Несколько невыносимо долгих мгновений Соня смотрела на подругу, не понимая.
— Когда я это сказала? — ошеломленно выговорила она потом.
— Ты даже не соображаешь? — повысила голос Магда. Наивное непонимание Сони ее оскорбило больше, нежели хамская молитва. — Ты невменяемая, что ли? Не отвечаешь за собственные слова? Свет от тьмы, Израиль от других народов!
Соня захлопала глазами.
— Магдонька, но это же молитва… ей тысячи лет…
— Тем более! Пора бы уже образумиться, времени на это было отпущено достаточно!
Соня взяла себя в руки, и теперь ее голос тоже зазвучал сухо и отчужденно.
— Знаешь, Магда, лучше бы не делать друг другу замечаний. В конце концов, мы все совершаем массу бестактностей. Ты, может быть, думаешь, мне приятно слышать, что твой сын, которого я вот таким помню, на коленке его качала, и мы играли и в мячик, и в шахматы, и… — У нее пережало горло негодованием. Она сердито мотнула головой и прервала перечисление. — Может, ты думаешь, мне приятно слышать, что он предпочел нашей стране эту адскую Германию?
— Наша родина — не адская! — почти выкрикнула Магда. — Просто очень несчастная… Просто ей очень не повезло в двадцатом веке! Но это не повод…
— Может, ты думаешь, мне приятно смотреть и слушать, с каким восторгом и с какой гордостью ты рассказываешь, что он работает на Круппа? — неумолимо продолжала Соня. — Может, ты забыла, что этот концерн был одним из главных спонсоров наци?
Магда судорожно распрямилась на стуле, словно спину ее нежданно ожгли бичом, просекшим плоть до костей.
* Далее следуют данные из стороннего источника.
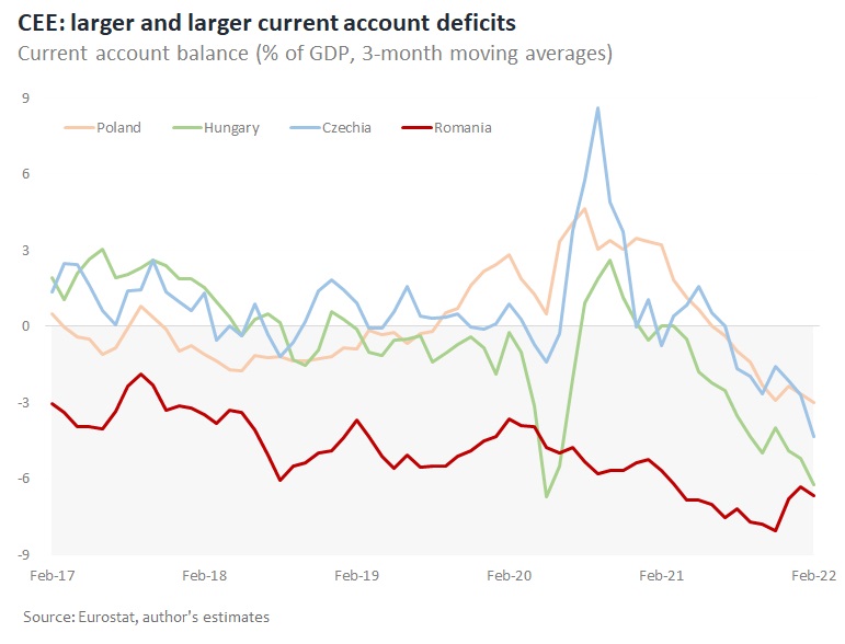 Disruptions in global value added chains and increasing commodity prices have lowered foreign trade surpluses in CEE countries (PL, HU, and CZ) over the past year, resulting in current account deficits.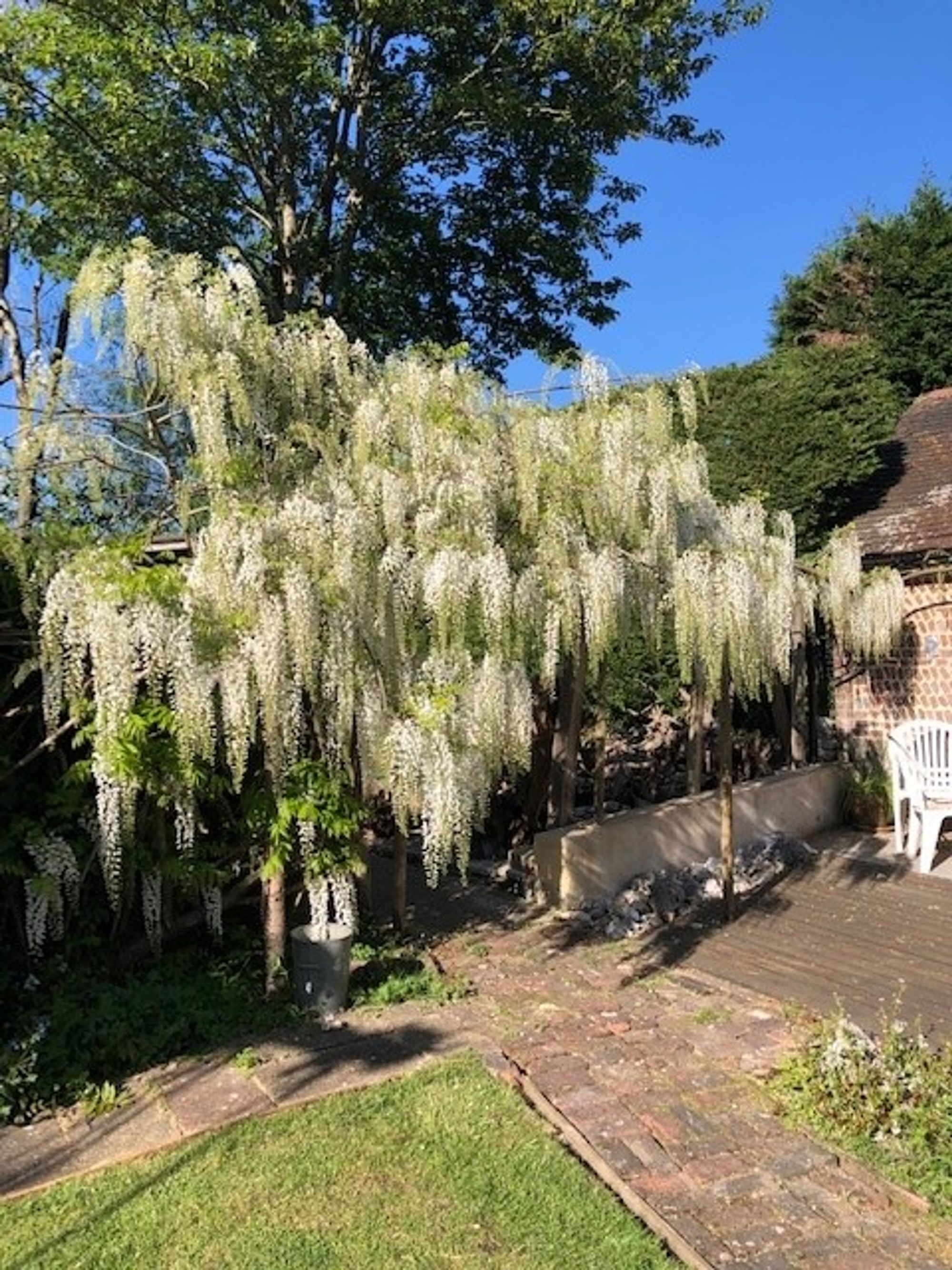 - Mature gardens with wisteria, fruit tree, shrubs, flower beds and more

— Ты прекрасно знаешь, — начала она подчеркнуто медленно и спокойно, и только голос ее клокотал перегретой, грозящей вот-вот лопнуть яростью, — что после того как сдох усатый в стране несколько десятилетий шла демократизация. Сейчас это нормальная страна, получше многих! И вообще все это не имеет отношения к делу. Скажи, неужели это правда? Что вы все с двойным дном? Я этого не могу понять! Мы же вместе столько прошли… Еще с детства! В детстве! Ладно, пусть фанатики-ортодоксы бормочут эту гадость — но ты! Значит, это правда? Ходишь рядом с вами, дружишь, любишь… И все вроде хорошо. А на самом деле вы смотрите на всех как на быдло, что ли? Все, мол, кроме нас, — хлам, только не надо этого афишировать… С остальными вы одни, а между собой — совсем другие? Так?
На лице Сони выскочили алые нервные пятна.
— Магда, да ты…
— Нет, это ты! — повысила голос Магда. — Не надо говорить мне про меня. Скажи мне про себя. Я задала конкретный вопрос. Я считаю, что это и есть нацизм. Ответь. Ответь мне, Соня!
Соня помолчала, видимо пытаясь совладать с гневом. Криво усмехнулась.
— Интересно, — сказала она надтреснутым голосом. — Вот уж правду говорят на твоей такой бедной и несчастной-разнесчастной родине… Яблочко от яблоньки…
У Магды по-мужски вспучились желваки. Она резко встала.
— Как ты смеешь! Мой отец был замечательным человеком! Светлым, чистым… К сожалению, слишком доверчивым. Да, он в чем-то ошибался, но…
— Он был нацистом, Магда! И ему просто повезло, что его ликвидировали вовремя…
— Как ты добра!
— Да-да, повезло! Он не успел сполна поучаствовать во всех играх, что развернулись чуть позже! А как он устанавливал новый порядок в Камеруне? Ты что, даже теперь не знаешь, как тогда устанавливали новый порядок?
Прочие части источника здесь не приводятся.